Anomaly detection — mandatory:

def filter_outliers(prices: list[float], threshold: float = 0.02) -> list[float]:
    """Drop prices deviating from median by more than threshold."""
    median = statistics.median(prices)
    return [p for p in prices if abs(p - median) / median <= threshold]

2% deviation is typical threshold. If source constantly outputs outliers — lower its weight or exclude.

Storage and API

Redis for current rates — hash with TTL:

import redis
import json

r = redis.Redis(host='localhost', port=6379, decode_responses=True)

def store_rate(pair: str, data: dict):
    key = f"rate:{pair}"
    r.hset(key, mapping={
        'price': data['price'],
        'sources': json.dumps(data['sources']),
        'updated_at': int(time.time() * 1000),
    })
    r.expire(key, 60)  # expires in 60 seconds

def get_rate(pair: str) -> dict | None:
    data = r.hgetall(f"rate:{pair}")
    if not data:
        return None
    return {
        'price': float(data['price']),
        'sources': json.loads(data['sources']),
        'updated_at': int(data['updated_at']),
    }

TimescaleDB for history — hypertable with auto-compression:

CREATE TABLE price_history (
    time        TIMESTAMPTZ NOT NULL,
    pair        VARCHAR(20) NOT NULL,
    source      VARCHAR(30) NOT NULL,
    price       NUMERIC(30, 10) NOT NULL,
    volume_24h  NUMERIC(30, 2)
);

SELECT create_hypertable('price_history', 'time');
CREATE INDEX ON price_history (pair, time DESC);

-- Auto-compress data older than 7 days
SELECT add_compression_policy('price_history', INTERVAL '7 days');

WebSocket API for real-time subscribers (wallets, exchanges, dashboards):

// Publish via Redis Pub/Sub → WebSocket clients
redisSubscriber.subscribe('price_updates', (message) => {
  const update = JSON.parse(message);
  // broadcast to all subscribed WS clients for this pair
  clients.get(update.pair)?.forEach(ws => {
    if (ws.readyState === WebSocket.OPEN) {
      ws.send(message);
    }
  });
});

Reliability and Fault-Tolerance

  • Circuit breaker on each source: if source errors > 5 times in 30 sec — disable for 60 sec, work without it.
  • Staleness check: if source data not updated > 30 sec — mark as stale, exclude from aggregation.
  • Minimum sources: if active sources < 2 — return error instead of potentially wrong rate.
  • Prometheus metrics: price_sources_active, price_update_latency_ms, price_deviation_percent — alert on anomalies.

Development Process

Design (2-3 days): list of pairs and sources, latency requirements, storage schema.

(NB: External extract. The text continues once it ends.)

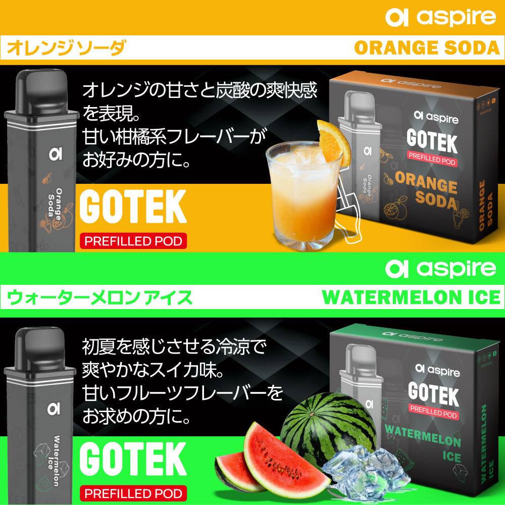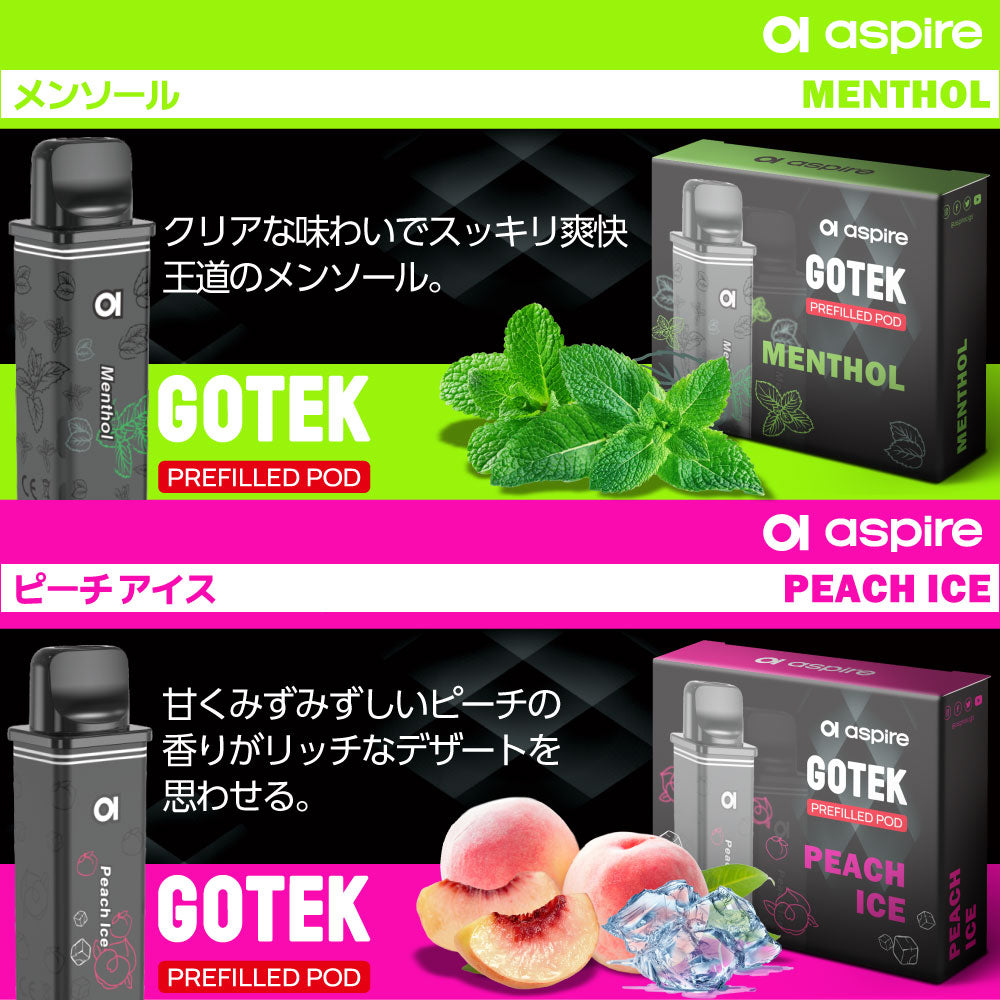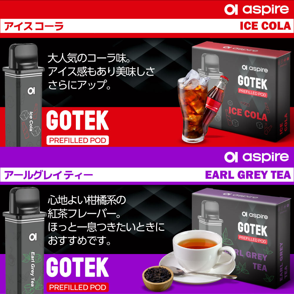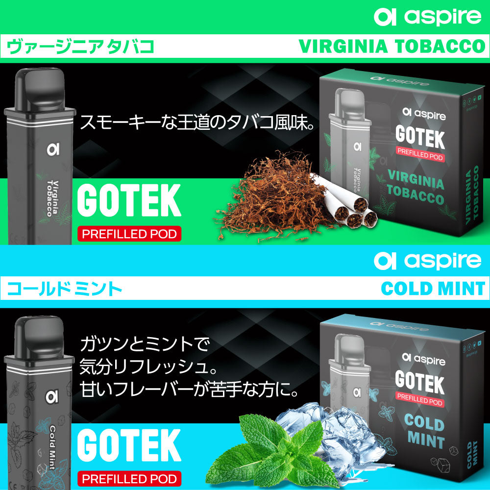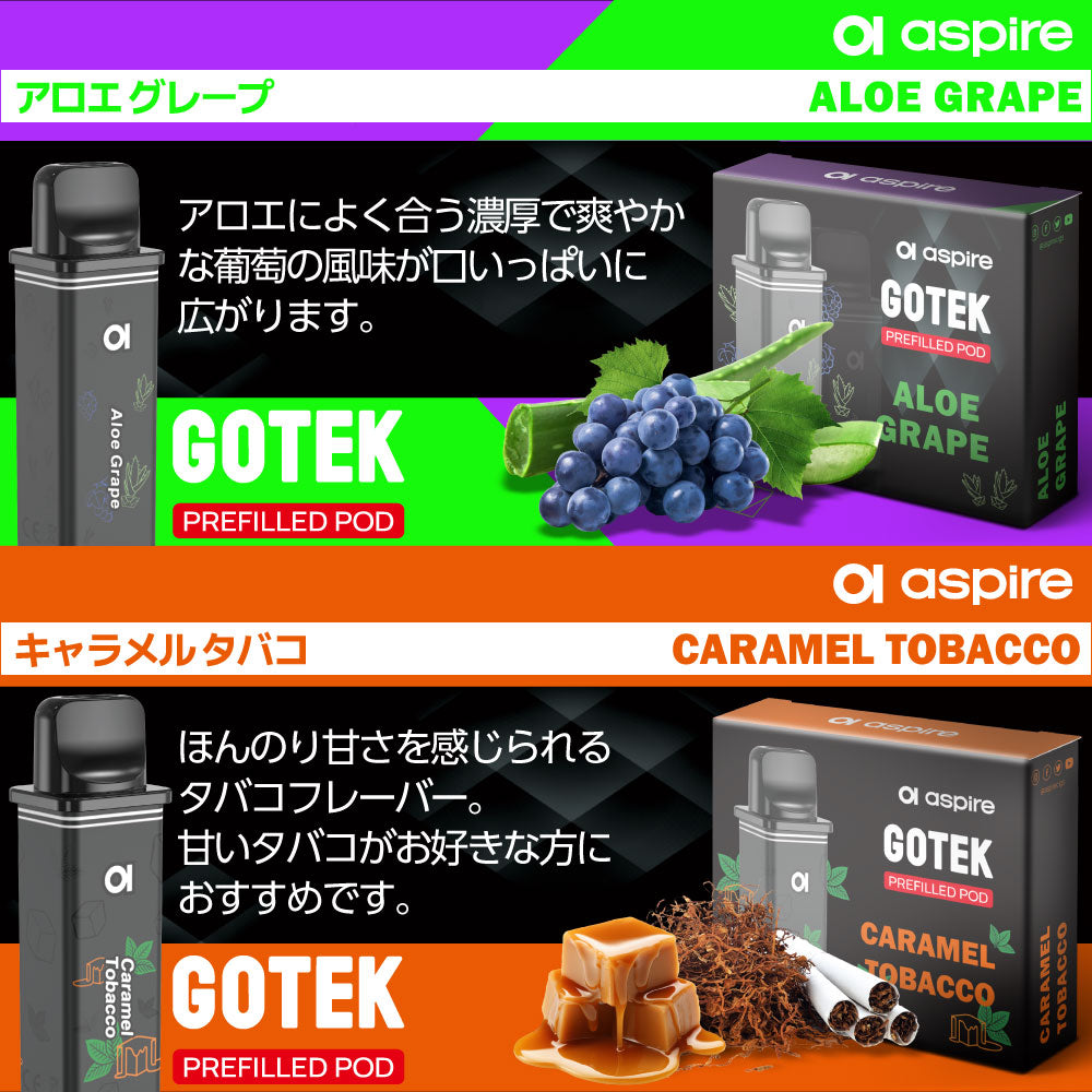 Aspire GOTEK (アスパイア ゴーテック)シリーズの交換用PODカートリッジ。2個セットになります。 |

Collectors (3-4 days): develop and test each source, format normalization.

Aggregation (2-3 days): weighting algorithm, outlier detection, Redis storage.

API (2-3 days): REST + WebSocket, documentation, rate limiting.

Load testing (1-2 days): 100+ pairs simultaneously, behavior when source unavailable.

Total 1-2 weeks for aggregator with 3-5 sources and 50+ trading pairs.